Hacker News new | ask | show | jobs
by shoshin23 3111 days ago
Image text recognition is a major problem we're trying to solve in our startup. I would love to be pointed to some SOTA research in this space. Hard to find anything by Googling about it.

As far as our experience goes, Cloud Vision API is a killer option compared to both AWS and MSFT. It's pricier than AWS though and is slower.
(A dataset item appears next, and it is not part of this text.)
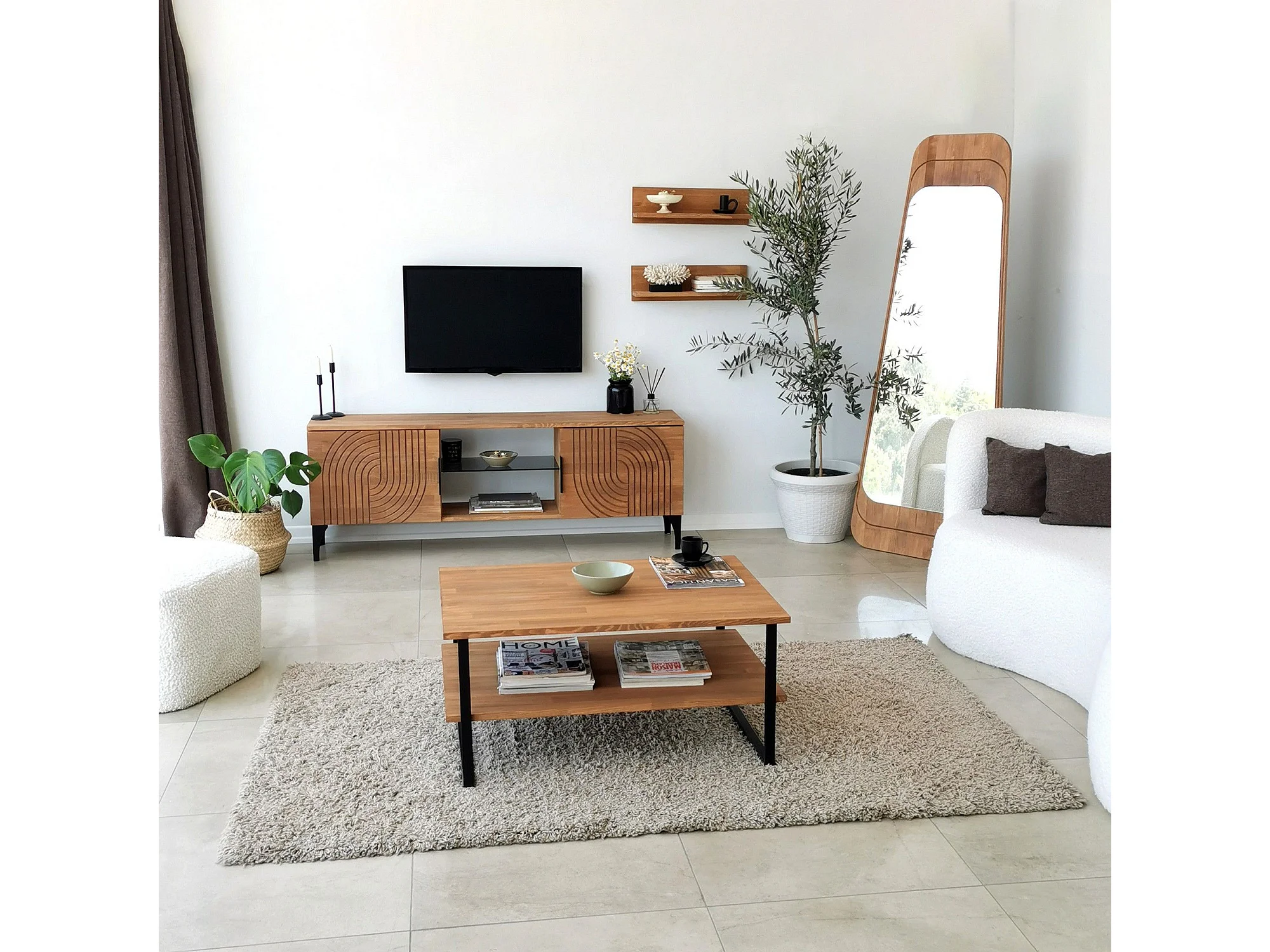 Ensemble meuble TV, étagère et table basse Forces Motif Arabesque Chêne clair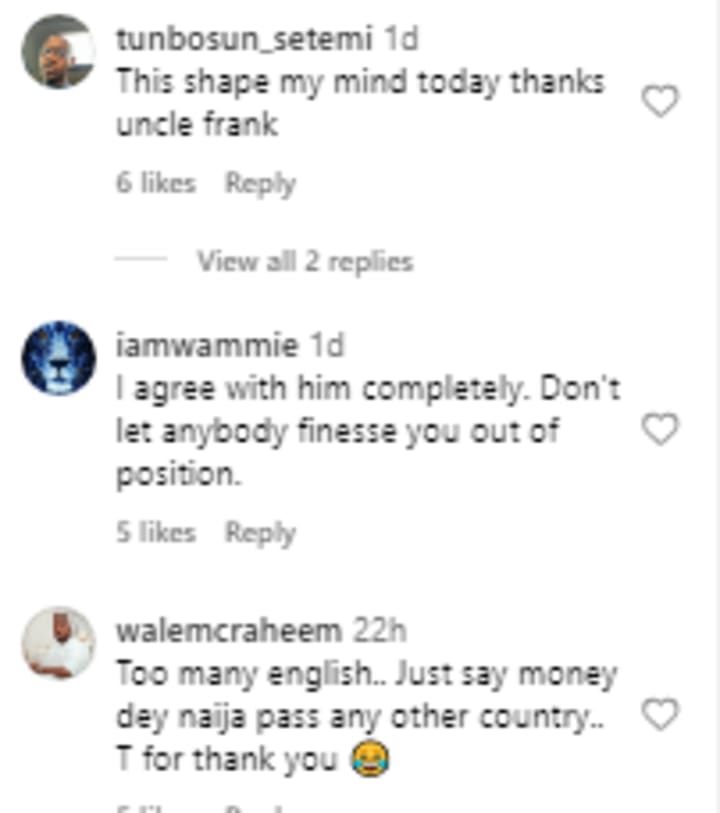 What do you think about what Frank Edoho had to say? Your matter to me, so please share them in the comments below, or on my Jide Okonjo Facebook post. Let's keep the conversation going and I can't wait to see your thoughts on this.

MSFT is terrible in both price and speed.

2 comments

If you're trying to handle text "in the wild" and not scanned documents, the keyword is "scene text". Most papers are focused on either detection/localization, i.e. finding the location of text, or recognition, i.e. recognizing the actual content given a cropped text image.

Here are some current state-of-the-art papers + code where available about detection:

Fused Text Segmentation Networks for Multi-oriented Scene Text Detection https://arxiv.org/abs/1709.03272

EAST: An Efficient and Accurate Scene Text Detector https://arxiv.org/abs/1704.03155 https://github.com/argman/EAST

Detecting Oriented Text in Natural Images by Linking Segments https://arxiv.org/abs/1703.06520 https://github.com/dengdan/seglink

Arbitrary-Oriented Scene Text Detection via Rotation Proposals https://arxiv.org/abs/1703.01086 https://github.com/mjq11302010044/RRPN

And for recognition:

An End-to-End Trainable Neural Network for Image-based Sequence Recognition and Its Application to Scene Text Recognition https://arxiv.org/abs/1507.05717 https://github.com/bgshih/crnn

Robust Scene Text Recognition with Automatic Rectification https://arxiv.org/abs/1603.03915

I'd also add on the subject the following whitepaper from MS - http://digital.cs.usu.edu/~vkulyukin/vkweb/teaching/cs7900/P...
Note that this paper is from 2010 and thus, while quite influential for its time far from the current state-of-the-art. The stroke width transform method that it introduced is simply not as good as current deep learning-based methods.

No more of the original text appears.